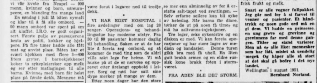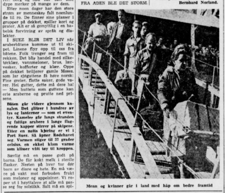 Artikkel i Aftenbladet i 1951. Han var ombord i M/S Goya med flyktninger fra Nepal til
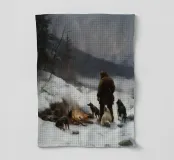 Un suggestivo motivo invernale: un cacciatore si trova con i suoi cani accanto a un falò riscaldante nel mezzo di un paesaggio montano innevato. L'immagine trasmette un senso di avventura, vicinanza alla natura e la tranquilla bellezza dell'inverno. I caldi accenti di luce del fuoco contrastano con il fresco paesaggio innevato e creano un'atmosfera suggestiva. Ideale per murales, tazze, cuscini o tessuti: un disegno unico per tutti coloro che amano l'aria aperta, la caccia, la natura e il romanticismo dell'inverno.
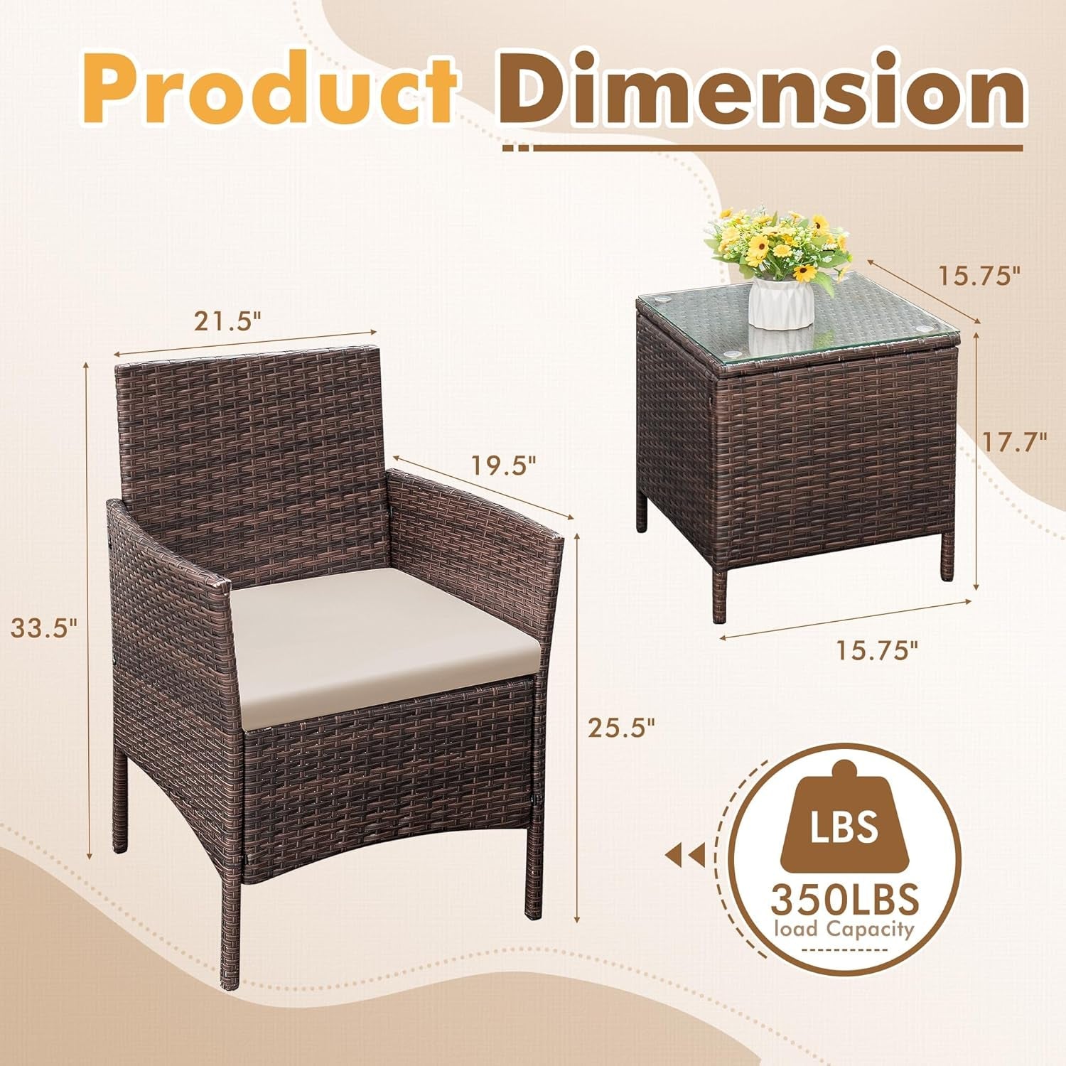 Patio Furniture Set 3 Pieces All-Weather Rattan Outdoor Furniture

----

**Activity:** Without the pictures, reproduce each line from the one containing "Un suggestivo motivo" through the last line of the material above, both of those lines included.

**Task output:**
 Un suggestivo motivo invernale: un cacciatore si trova con i suoi cani accanto a un falò riscaldante nel mezzo di un paesaggio montano innevato. L'immagine trasmette un senso di avventura, vicinanza alla natura e la tranquilla bellezza dell'inverno. I caldi accenti di luce del fuoco contrastano con il fresco paesaggio innevato e creano un'atmosfera suggestiva. Ideale per murales, tazze, cuscini o tessuti: un disegno unico per tutti coloro che amano l'aria aperta, la caccia, la natura e il romanticismo dell'inverno.
 Patio Furniture Set 3 Pieces All-Weather Rattan Outdoor Furniture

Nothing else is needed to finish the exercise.